= Task instructions =
Copy exactly every line below, from the first through the one that contains "- Establishes a", and skip all pictures.

= Material provided =
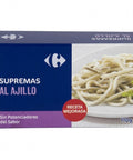 Discover the gastronomic delight of the Supremas al ajillo, an exquisite Garlic La Gula from the well-known brand Carrefour Espana. These succulent pieces of surimi-based elver substitute are marinated in fragrant garlic and soaked in premium sunflower oil for a taste that's unforgettable. Each bite brings you a unique combination of flavors - delicate, slightly sweet surimi, infused with the bold undertones of garlic and the smooth richness of sunflower oil. This product is ideal for those who enjoy indulging in unique European delicacies, and perfect for adding a touch of Spain to your culinary endeavors. Please be aware that this product contains egg, fish, milk, cereals containing gluten, soya, and molluscs.
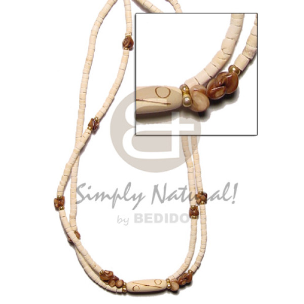 5 rows 2-3mm nat. heishe layered white mongo shells, coco tusks & chips, nat. wood saucer,coco side..
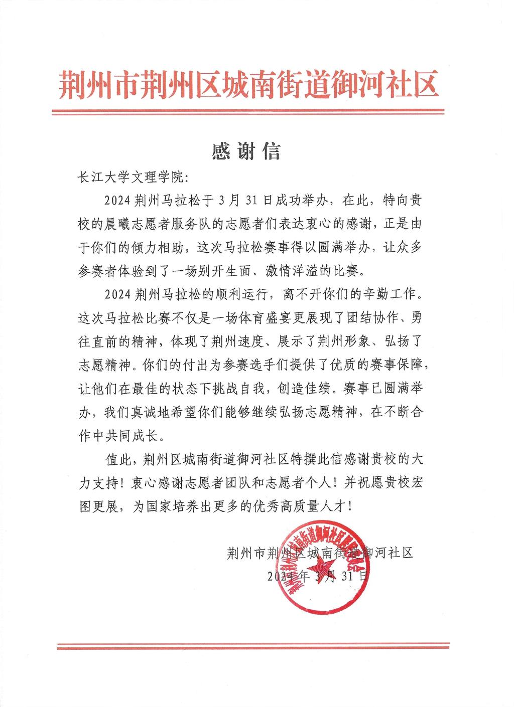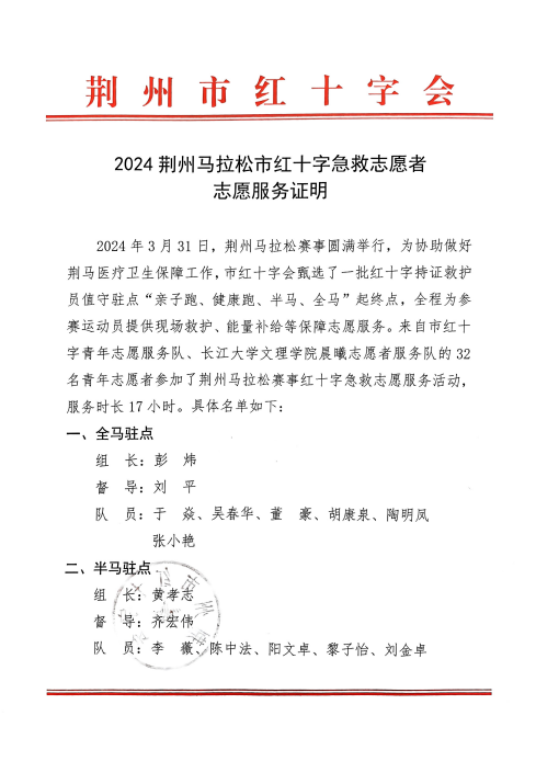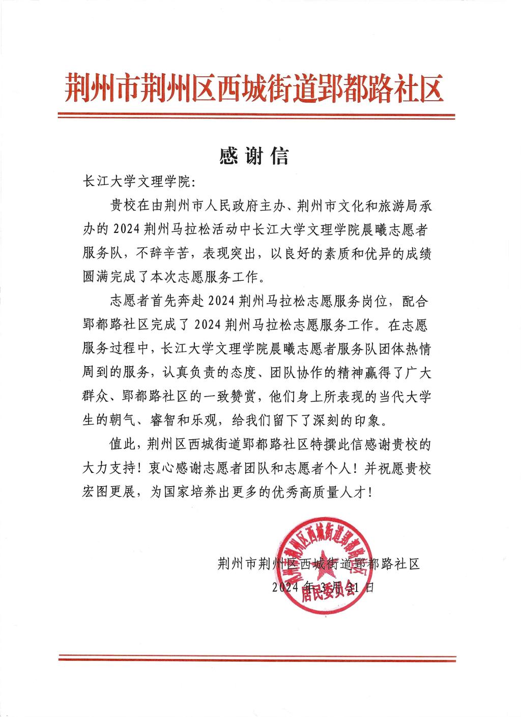 今年是太阳集团tyc9728晨曦志愿者服务队连续为二年为“荆马”提供志愿服务,收到了社区的两份感谢信和荆州红十字协会的志愿服务证明。
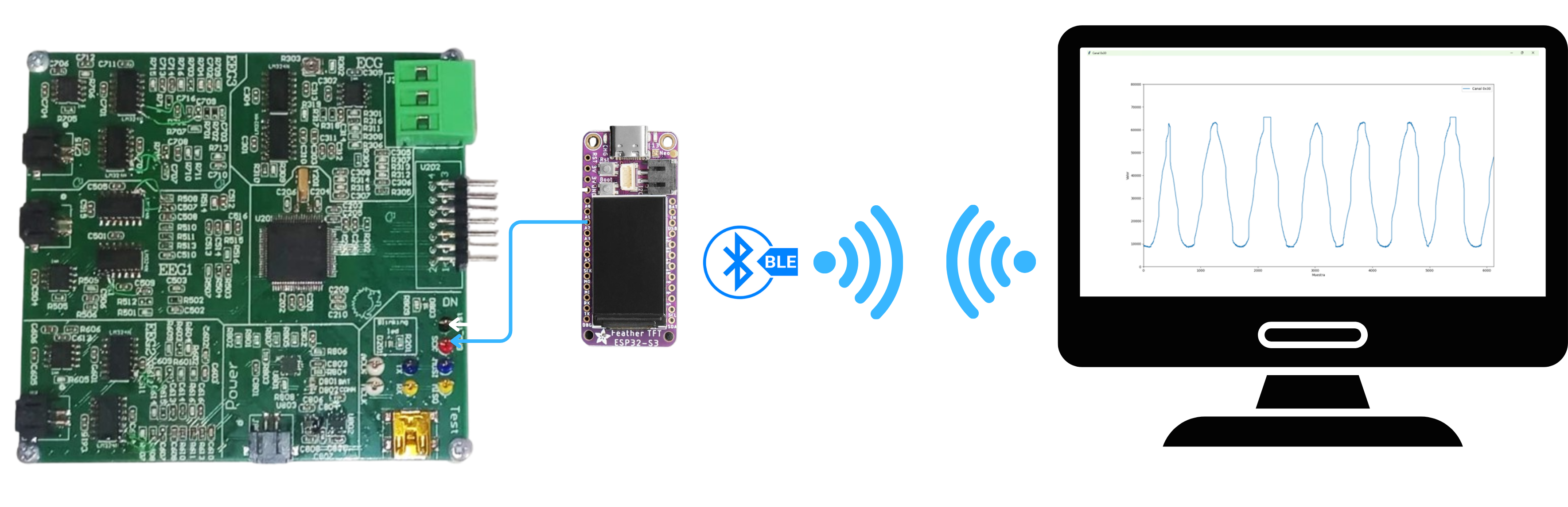 - Establishes a connection with the bridge layer and displays the data received via BLE on a device screen, such as a laptop.
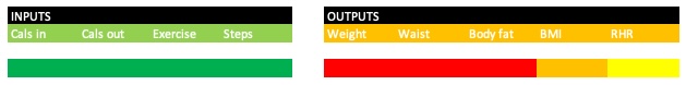 This shows that I hit all my behavioral goals; that my weight, waist size, and body fat percentage all put me on the naughty-step; my BMI makes me overweight but not obese; and my resting heart-rate is in the ‘good’ range. My goal is to turn all of the output cells green.

= Written answer =
 Discover the gastronomic delight of the Supremas al ajillo, an exquisite Garlic La Gula from the well-known brand Carrefour Espana. These succulent pieces of surimi-based elver substitute are marinated in fragrant garlic and soaked in premium sunflower oil for a taste that's unforgettable. Each bite brings you a unique combination of flavors - delicate, slightly sweet surimi, infused with the bold undertones of garlic and the smooth richness of sunflower oil. This product is ideal for those who enjoy indulging in unique European delicacies, and perfect for adding a touch of Spain to your culinary endeavors. Please be aware that this product contains egg, fish, milk, cereals containing gluten, soya, and molluscs.
 5 rows 2-3mm nat. heishe layered white mongo shells, coco tusks & chips, nat. wood saucer,coco side..
 今年是太阳集团tyc9728晨曦志愿者服务队连续为二年为“荆马”提供志愿服务,收到了社区的两份感谢信和荆州红十字协会的志愿服务证明。
 - Establishes a connection with the bridge layer and displays the data received via BLE on a device screen, such as a laptop.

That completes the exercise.